Ben Irons – Habitat Energy 19:42
Yeah, we feel sort of fortunate with the timing. When we entered the UK market, we had pretty much two years to focus really on the r&d to build the technology and build the platform before we started operating large scale assets. And when we done that, we sort of stepped back and thought, well, to what extent is this platform that we built scalable to other international markets. And it’s clear that it’s not 100% scalable, there’s always going to be things specific to local markets and how they’re designed how you interact with them. That mean you need to do some customization.

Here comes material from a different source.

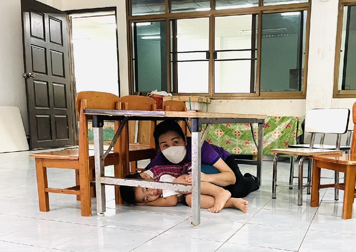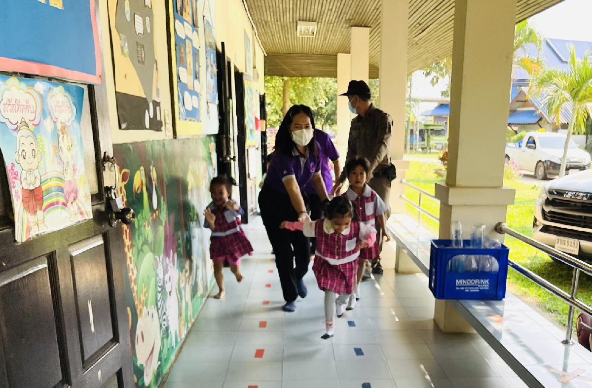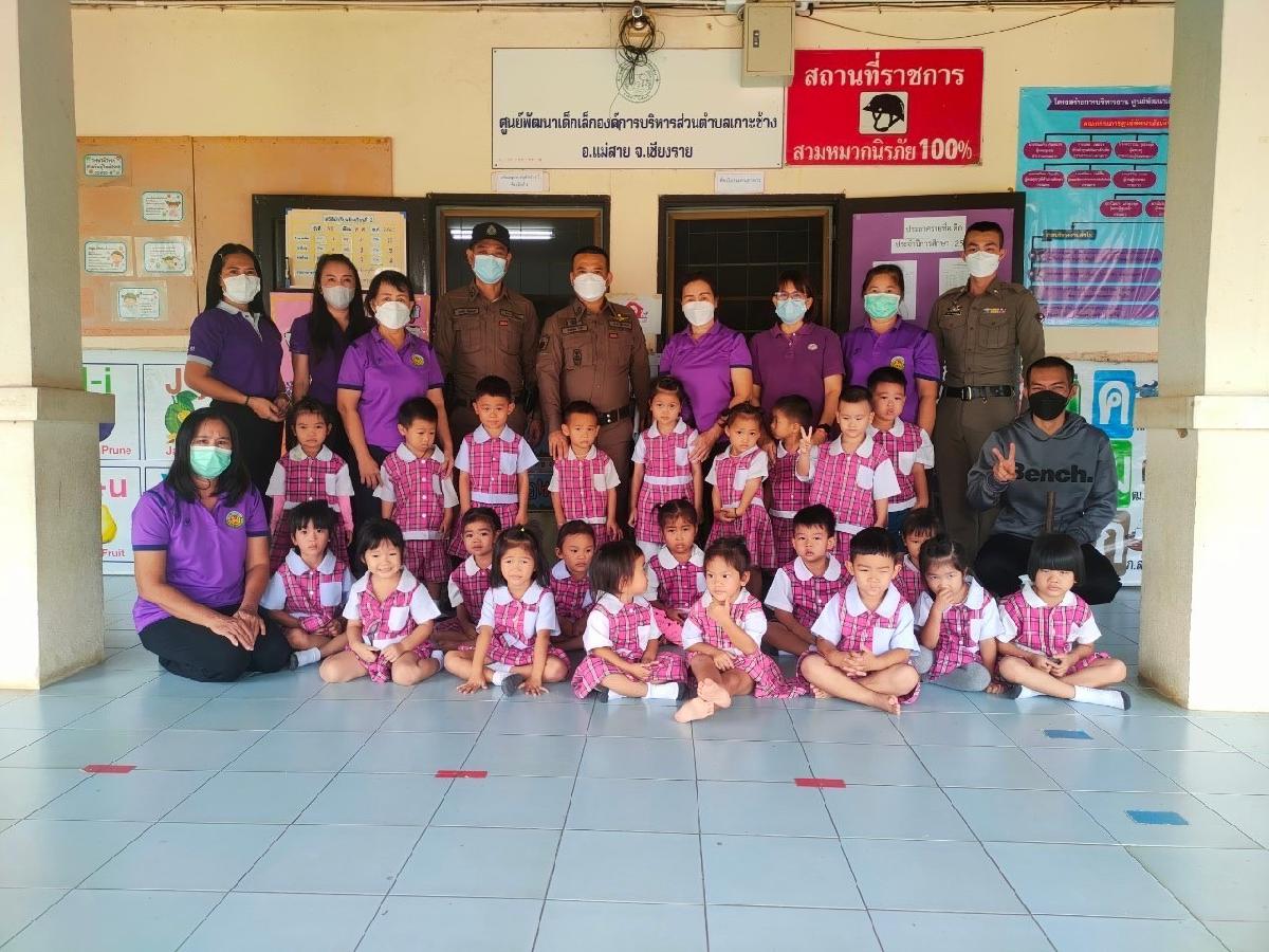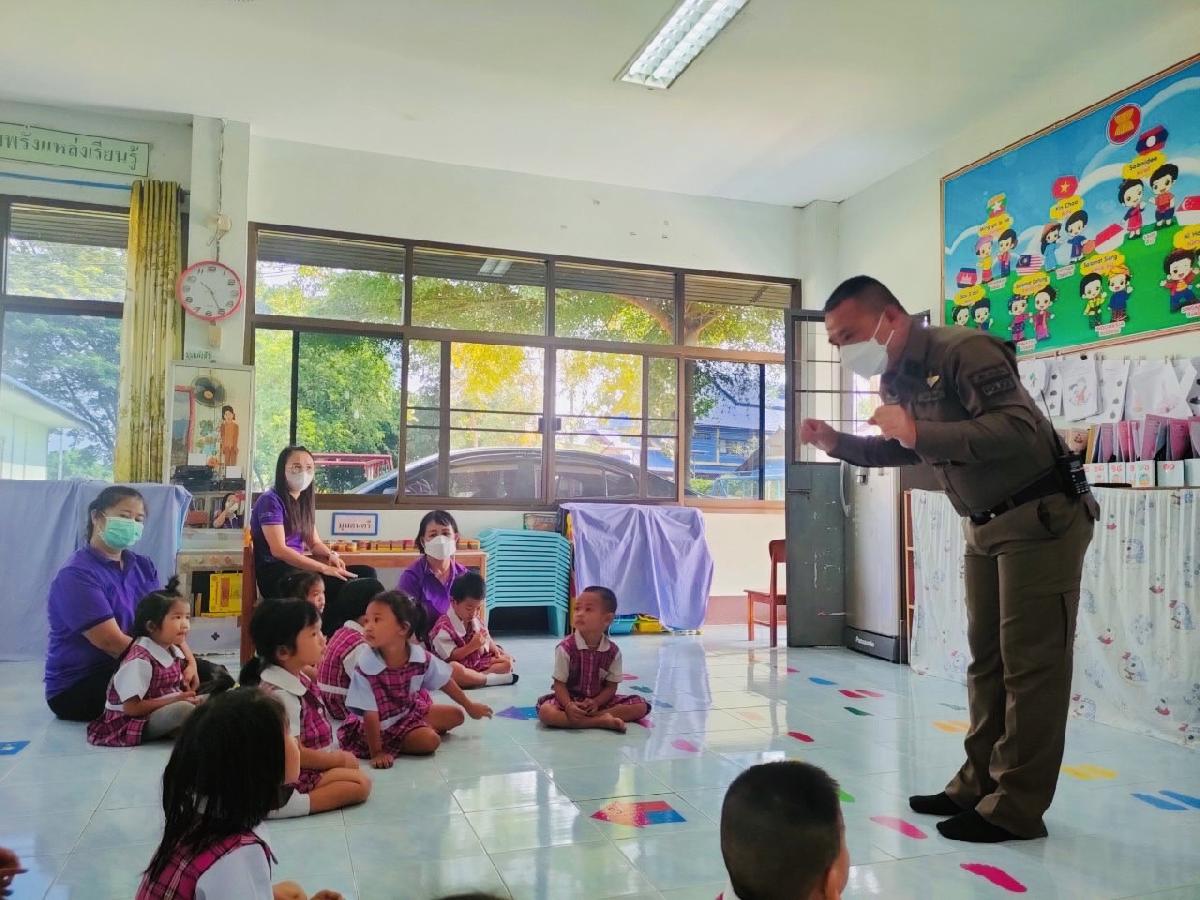 เจ้าหน้าที่ตำรวจสถานีตำรวจภูธรเกาะช้างเข้าสอนวิธีการช่วยเหลือเด็กเพื่อป้องกันการเกิดเหตุร้ายในศูนย์พัฒนาเด็กเล็ก

But we also felt a lot of the AI frameworks and tools, a lot of the forecasting that we got very good at all of this sort of cloud hosting infrastructure and other sort of IoT elements. Plus, of course, all of the understanding of the physical battery itself, that was more or less transferable. And we saw that as battery prices were coming down, it was opening up more and more markets for for batteries to become investable. So we wanted to jump on that on that opportunity. We decided on Australia as a market that was sort of accessible when growing quickly and take the few other boxes for us. So that was the reason for me moving to this part of the world was to help support the launch of our Australian business. And we’ve had a really terrific team. In Australia, we’ve got first batteries signed up. And we’re actually on the countdown now to going operational in that market, just later this year, which is really exciting. For the for the whole team. It is a very different market. That’s fascinating. In fact, it’s a it’s a five minute market as opposed to 30 minutes in the UK, ancillary service markets are traded in real time. The generation mix is completely different the political environments completely different. But we love that it’s fascinating to see some things in common, but something’s different. We’re also launching in the US at the moment, and we’ve been really fortunate to partner with a group called Twinbrook infrastructure partners who have assets in the US and have been keen to build a relationship with us and actually helped us launch initially in earcups, in Texas and in the US. So we’ll be making further announcements about that. Later in the year. We’re looking at other markets as well, Japan, Ireland, who knows it’s happening so quickly, as you say, it’s just a matter of how fast can you can you grow and scale and keep the show on the road?
David Hunt 21:55
Yeah, absolutely. But it showed that that regulatory environment is I guess, critical to some extent, and looking at the US clearly, as we all know, it’s there, you know, you’ve got three main energy systems, they work or have watched being one, but you have lots of different interstate policies and challenges and difficulties. And clearly we’ve seen in California and Texas, in the last couple of years, some real challenges with keeping the lights on. So clearly, I guess that’s a good place to be to be starting with the development of assets, storage assets.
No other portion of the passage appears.